* **Task to carry out**
Omitting the pictures, print every line below exactly as it stands.

* **Exercise data**
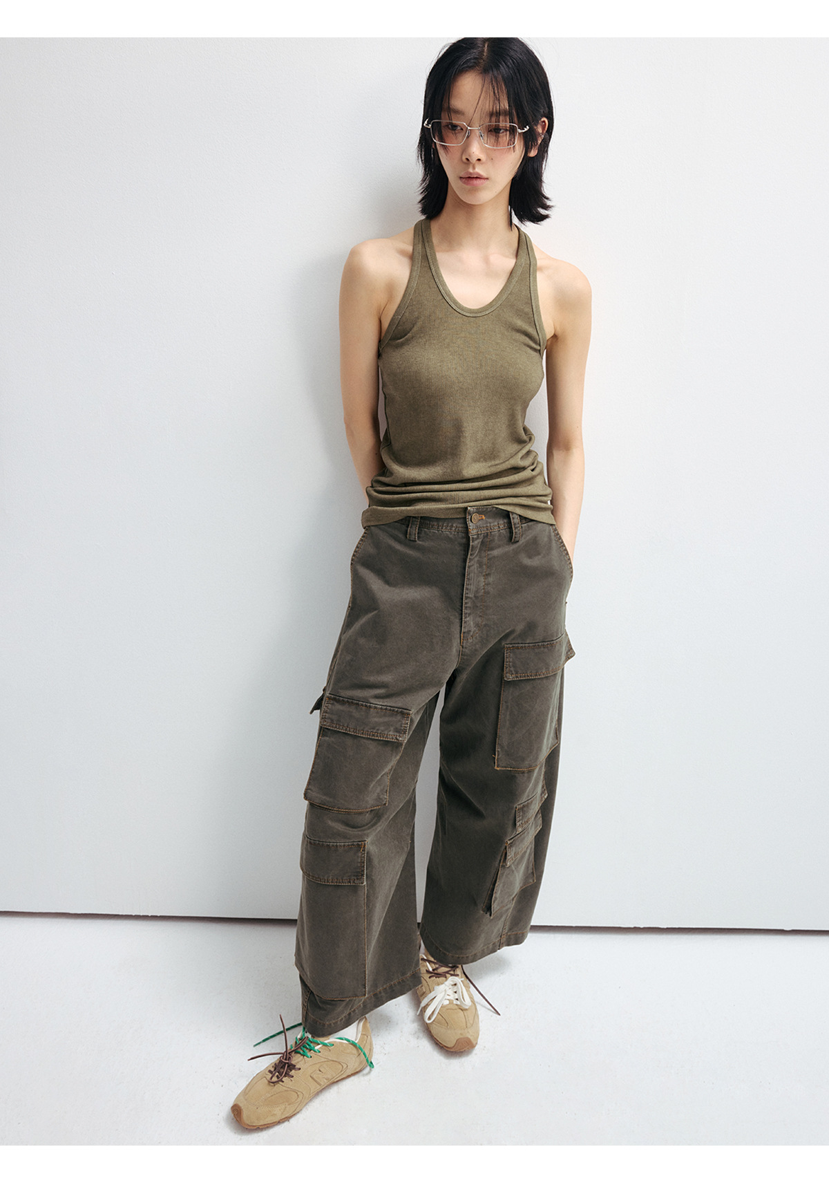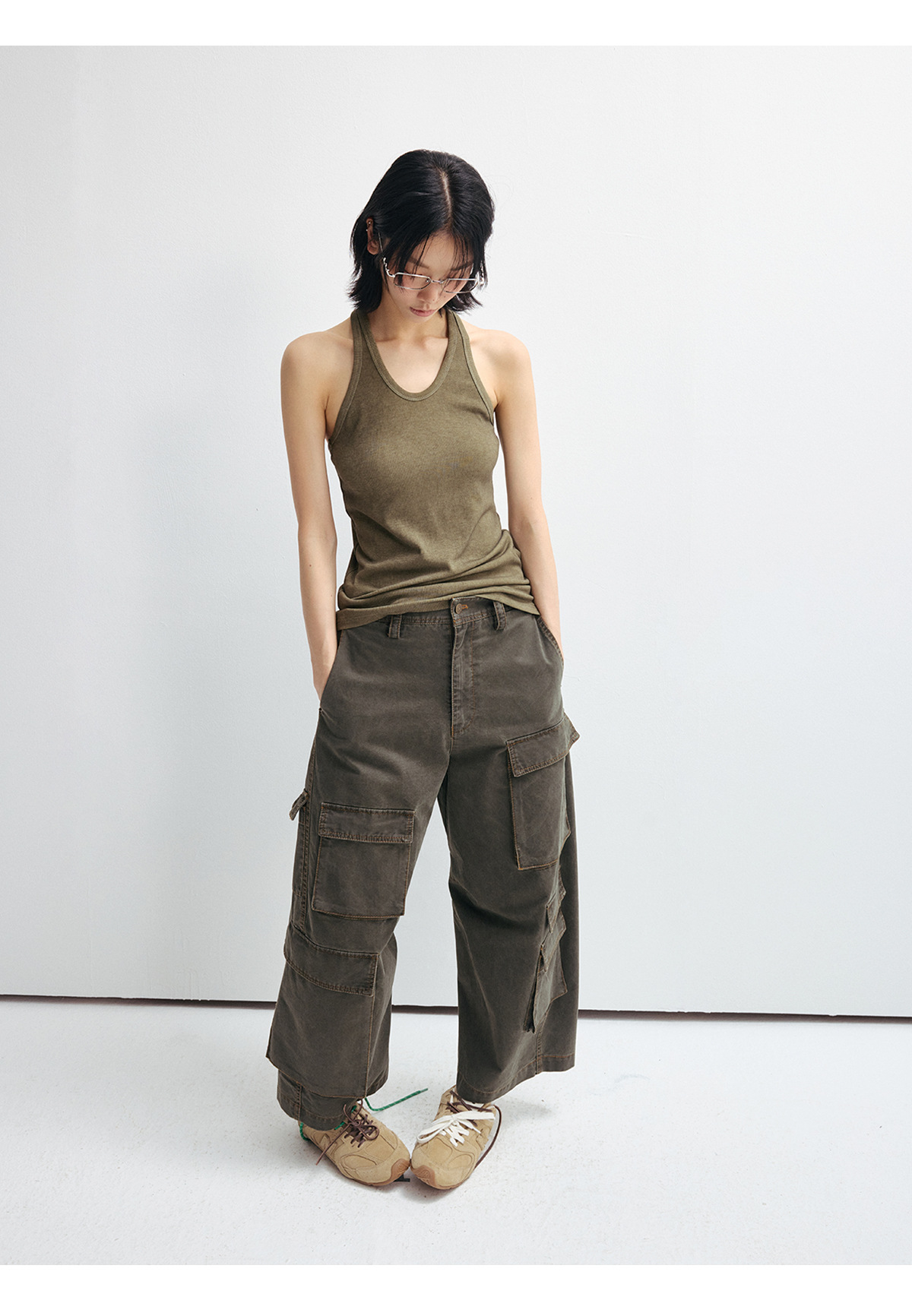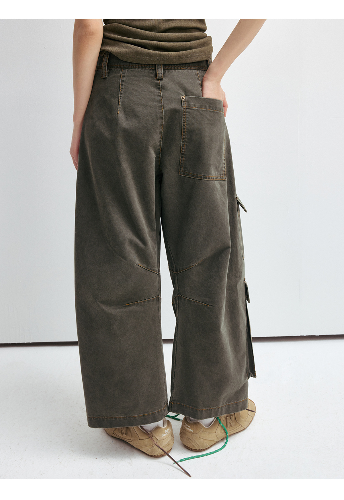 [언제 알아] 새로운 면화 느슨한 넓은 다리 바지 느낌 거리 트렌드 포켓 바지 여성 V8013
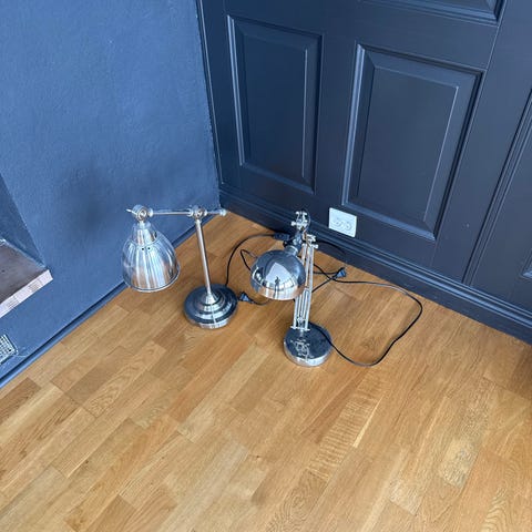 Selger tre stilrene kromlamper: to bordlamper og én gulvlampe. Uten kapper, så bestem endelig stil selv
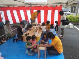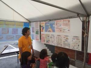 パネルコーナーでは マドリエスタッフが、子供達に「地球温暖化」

* **Expected answer**
 [언제 알아] 새로운 면화 느슨한 넓은 다리 바지 느낌 거리 트렌드 포켓 바지 여성 V8013
 Selger tre stilrene kromlamper: to bordlamper og én gulvlampe. Uten kapper, så bestem endelig stil selv
 パネルコーナーでは マドリエスタッフが、子供達に「地球温暖化」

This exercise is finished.